The market making algorithm asymptotically increases the price of the token as the desired quantity increases. Liquidity pools are configured between two assets in a 50:50 ratio on on DEX’s like Uniswap, i.e. DAI/ETH. It is this ratio of tokens that determines their relative price. For example, if someone buys ETH from a DAI/ETH pool, the relative quantity of ETH falls, so its price rises, with the opposite effect on the quantity and price of DAI. The bigger the trade, the greater the effect on the relative prices.

As incentive to provide liquidity, LP’s (liquidity providers) are paid a percentage of transaction fees from trades that occur in the pool. Liquidity pools typically issue governance tokens that enshrine the rights and rules of liquidity providers. They also allow that LP’s can vote on the rules of the pool. These tokens themselves often carry an exchange value and are part of the overall profitability calculation when deciding to provide liquidity to a pool.

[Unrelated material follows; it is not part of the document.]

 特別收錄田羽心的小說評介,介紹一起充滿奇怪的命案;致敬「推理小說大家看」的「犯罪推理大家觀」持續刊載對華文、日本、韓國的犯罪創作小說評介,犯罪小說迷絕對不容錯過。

When traders “tap” into either one of the tokens in the pair, they must match it with an equal amount of the other token. Liquidity providers on Uniswap are rewarded for providing liquidity with a 0.3% transfer fee whenever that pool facilitates a trade. This is then split among all the liquidity providers in that specific pool based on how much of the pool they’re offering.

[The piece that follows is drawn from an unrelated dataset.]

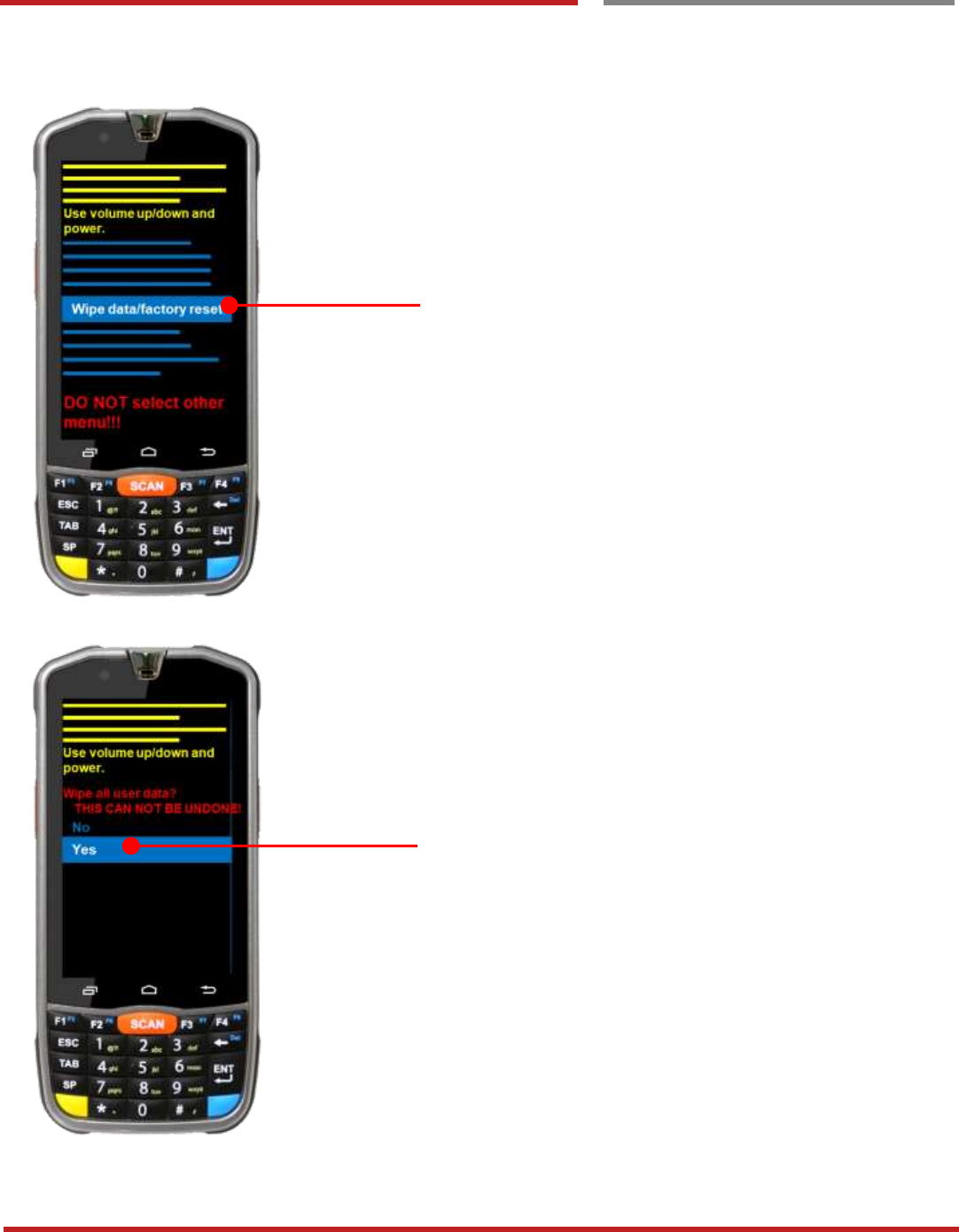 Select “Yes” to perform the “Factory data reset”

​Don’t forget about gas fees that have to be paid when depositing and withdrawing, as that will factor into the overall profitability of providing liquidity.

Liquidity pools such as those on Uniswap use a constant product market maker algorithm that makes sure that the product of the quantities of the two supplied tokens always remains the same. Because of this algorithm, a pool can always provide liquidity, no matter how large a trade is. In periods of lop-sided price movement, prices will adjust enough to attract demand and keep the pool ratio at parity.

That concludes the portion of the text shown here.